# What is required
Please give back the lines from the line containing "介绍完本次社会实践的行程安排" through the end of the listing below, exactly as written and without pictures.

# Available data
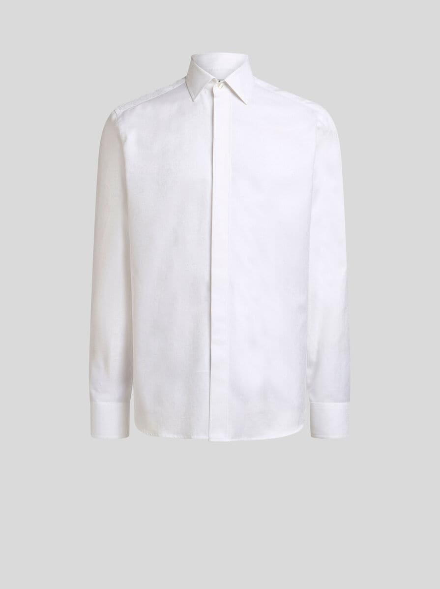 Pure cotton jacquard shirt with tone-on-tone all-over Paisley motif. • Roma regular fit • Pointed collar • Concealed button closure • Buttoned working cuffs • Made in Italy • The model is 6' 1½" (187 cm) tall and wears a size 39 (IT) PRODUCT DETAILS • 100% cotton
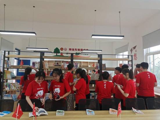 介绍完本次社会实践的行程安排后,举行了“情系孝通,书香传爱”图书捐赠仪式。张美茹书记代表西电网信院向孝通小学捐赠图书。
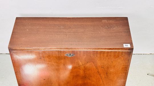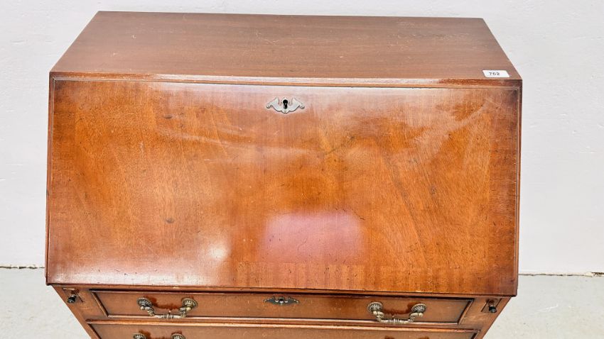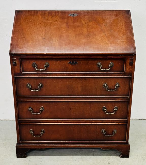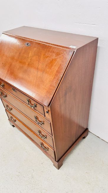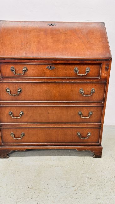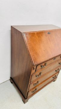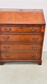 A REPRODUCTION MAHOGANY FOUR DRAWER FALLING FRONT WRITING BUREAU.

# Response area
 介绍完本次社会实践的行程安排后,举行了“情系孝通,书香传爱”图书捐赠仪式。张美茹书记代表西电网信院向孝通小学捐赠图书。
 A REPRODUCTION MAHOGANY FOUR DRAWER FALLING FRONT WRITING BUREAU.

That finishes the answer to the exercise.